> [EXERCISE BRIEF]
Your answer must be the lines from the first record through the line that contains "The first image", copied exactly and without any pictures.

[Source data]
******

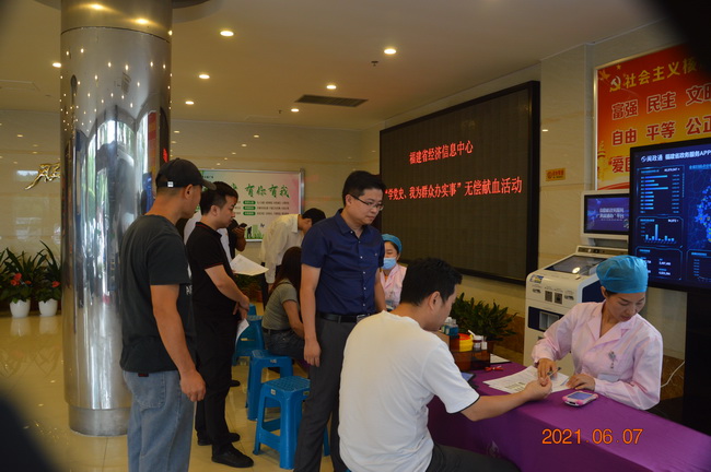 为切实推进“我为群众办实事”实践活动深入开展,大力弘扬“捐一份热血,献一片爱心”的无私奉献精神,以实际行动助推党史学习教育走深走实,6月7日上午,福建省经济信息中心组织干部职工开展2021年“学党史 我为群众办实事”无偿献血活动。
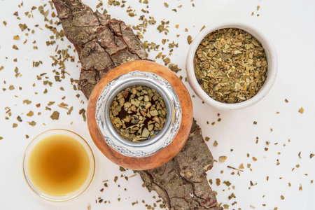 Mate tea in a typical South American calabash, with dried leaves next to it
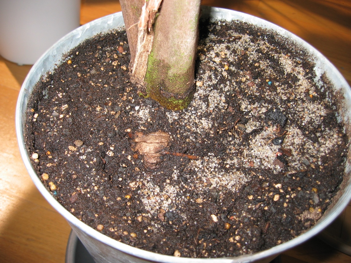 The first image shows the crevice, the 2nd the pale frond, the 3rd the whole palm (and the 4th is just a picture of the "saxophone style root" which shoots out roots even from its top now).
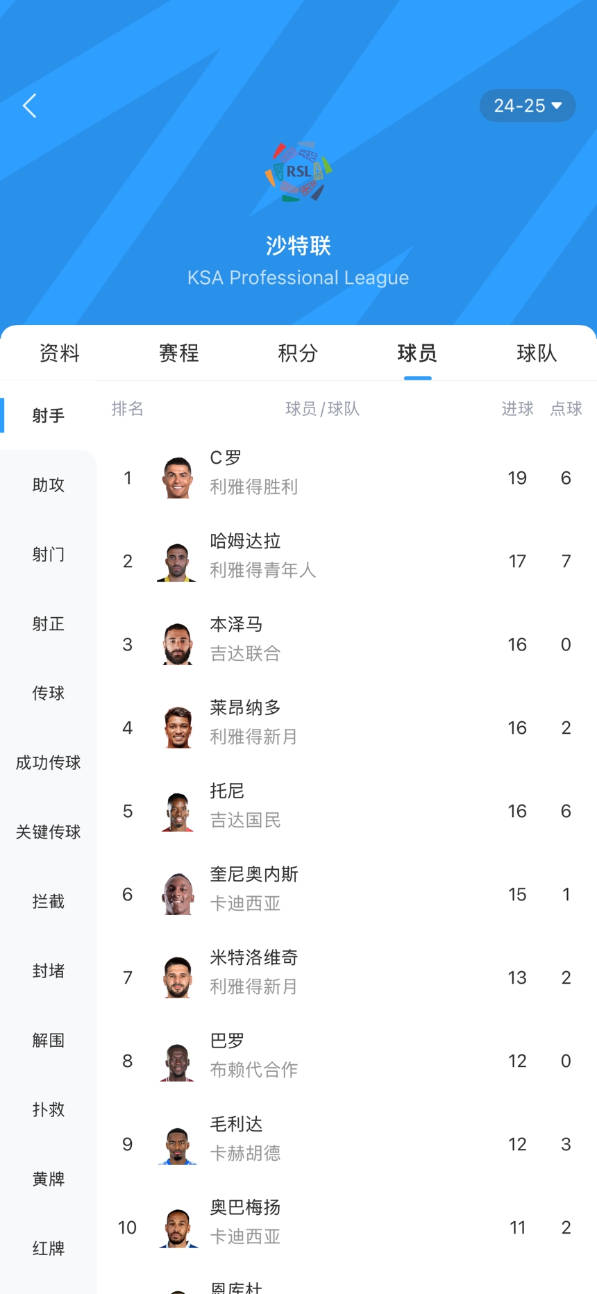 沙特联射手榜,40岁C罗19球领跑,37岁本泽马遭遇4轮球荒,16球排第三,托尼16球、米特洛维奇13球、奥巴梅扬11球。
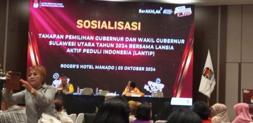 Kamis (03/10/2024) bertempat di Roger’s hotel Komisi Pemilihan Umum menggelar kegiatan Sosialisasi Tahapan Pemilihan Gubernur dan Wakil Gubernur Sulawesi Utara tahun 2024 bersama Lansia Aktif Peduli Indonesia (Lantip).
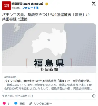 【自作自演】パチンコ店員(23)、拳銃突きつけられ強盗被害「演技」か 共犯容疑で逮捕 現金約2800万円を盗む
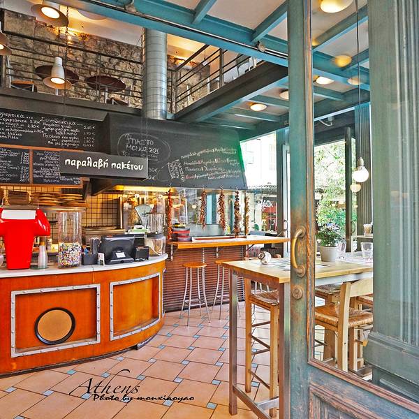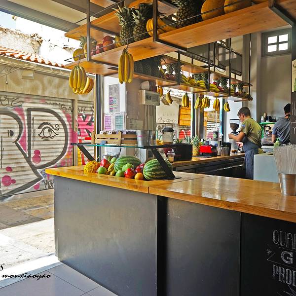 路过一间很好看的pita店,普拉卡区有很多咖啡店挺有趣味,下午可以随意找一间喝个下午茶以卫城为坐标,找到了蒙纳斯提拉基(monastiraki)广场,黄色建筑物是monastiraki 地铁站。从广场四周的小巷便是热闹的普拉卡商业区

******

> [YOUR SOLUTION]
 为切实推进“我为群众办实事”实践活动深入开展,大力弘扬“捐一份热血,献一片爱心”的无私奉献精神,以实际行动助推党史学习教育走深走实,6月7日上午,福建省经济信息中心组织干部职工开展2021年“学党史 我为群众办实事”无偿献血活动。
 Mate tea in a typical South American calabash, with dried leaves next to it
 The first image shows the crevice, the 2nd the pale frond, the 3rd the whole palm (and the 4th is just a picture of the "saxophone style root" which shoots out roots even from its top now).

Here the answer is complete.